# Great amenities badge count



## Homie G (Oct 19, 2017)

One of our greatest pleasures. badges

I'm crushing it on the great amenities. Zero.

Buy me some shit instead.


----------



## Mista T (Aug 16, 2017)

Homie G said:


> One of our greatest pleasures. badges
> 
> I'm crushing it on the great amenities. Zero.


Come on, man, badges are for fun! I don't give out squat, and I have one of those. Just ask for a specific badge when you know they aren't going to tip anyway. I have Cool Car and Amenities and Great Music badges, by asking.


----------



## Pax Collector (Feb 18, 2018)

*"I got 99 badges but Great Amenities ain't one"*


----------



## Homie G (Oct 19, 2017)

No tip but Excellent Service!

Shit, even above and beyond!

Your an ALL STAR DRIVER!!

Sorry pal, no cash.

Will tip u in the app.



Pax Collector said:


> *"I got 99 badges but Great Amenities ain't one"*


Yeah we all know your stacking those Late Night Heros.

love these badges man


----------



## emdeplam (Jan 13, 2017)

How do you value yourself without


----------



## Homie G (Oct 19, 2017)

Hey you mind stopping at that gas station?

As long as your topping off my tank, hell no.

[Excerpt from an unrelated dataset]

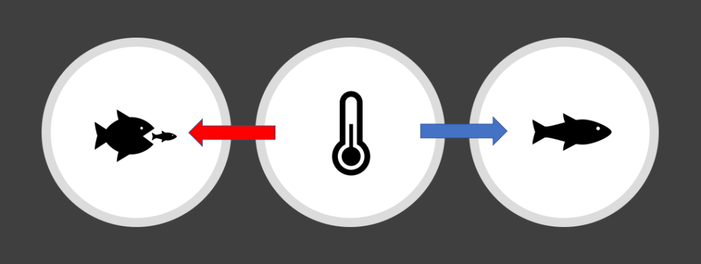 As I’ve come to learn through my current research, temperature is one of life’s master variables. It affects where organisms can go, what cues they use to feed, how fast they can move, how well their bodies function, whether they can survive, and in some cases (such as sea turtles [1]), even what sex they are. In fact, we can divide most organisms into two broad categories based on how they control their body temperature. Many animals, such as mammals (including humans) and birds, are endotherms. This means that we can maintain our body temperature regardless of what is going on around us. You may have also heard of endotherms referred to as “warm-blooded” animals. Being an endotherm is like having a cool superpower – barring any other obstacles, you can undertake your daily activities across a very wide range of temperatures. Alternatively, ectotherms (often referred to as “cold-blooded” organisms) rely heavily on their environment to control their body temperature and have to behave accordingly. This is why you may observe lizards basking on a rock, for instance; the heat from the sun is an excellent way to increase their body temperature [2]. Reptiles and most fish are ectothermic, occupying habitats that have the most appropriate temperature for their bodily functions. It is important to note here that this optimal temperature will depend on the species; some fishes operate better at warmer temperatures than cooler temperatures, for example. In the context of climate change, all of this information suggests that certain organisms, particularly ectotherms, will have more difficulty adapting to global warming than others. How that vulnerability will manifest is something I have spent the last year exploring.

Can't swing it. But I'll hook u up with a expert navigation badge

Sweet!! Done dude. I gotta get me those badges


----------



## Roadmasta (Aug 4, 2017)

I love when they say your getting five stars. They get a 3 ?.


----------



## ratethis (Jan 7, 2017)

We don’t need no stinkin badges ??


----------



## Mista T (Aug 16, 2017)

emdeplam said:


> How do you value yourself without


Lol.

If Uber took away your bennies, cancelled all your stock options, cut your pay by 18.6% every 6 months, then told you it was all good because they were going to email you smiley faces every day, THEN you would know how we feel.


----------



## Homie G (Oct 19, 2017)

Mista T said:


> Lol.
> 
> If Uber took away your bennies, cancelled all your stock options, cut your pay by 18.6% every 6 months, then told you it was all good because they were going to email you smiley faces every day, THEN you would know how we feel.


Take away my bennies?

Hell to the no.

Gotta get through the day somehow.

Don't even look at my bi polar pills.

Wait, were you talkin bout something else?


----------



## Mr. Yuck (Jul 31, 2017)

I have exactly one. That tampon had been in the glovebox for years.


----------



## picknyourseat (Mar 18, 2015)

I've driven Black Car for nearly 5 years and don't have a "Great Amenities" badge...I consider the lack of one a tremendous honor!


----------



## DriverMark (Jan 22, 2018)

Homie G said:


> Hey you mind stopping at that gas station?
> 
> As long as your topping off my tank, hell no.


I'm using this next time someone asks if "Can I get you something?"


----------



## SJCorolla (Jul 12, 2017)

I offer free Kleenex, vomit bags, trash bin, and USB port, yet not one amenities badge after thousands of rides.

So the question remains: what will it take?


----------



## Homie G (Oct 19, 2017)

SJCorolla said:


> I offer free Kleenex, vomit bags, trash bin, and USB port, yet not one amenities badge after thousands of rides.
> 
> So the question remains: what will it take?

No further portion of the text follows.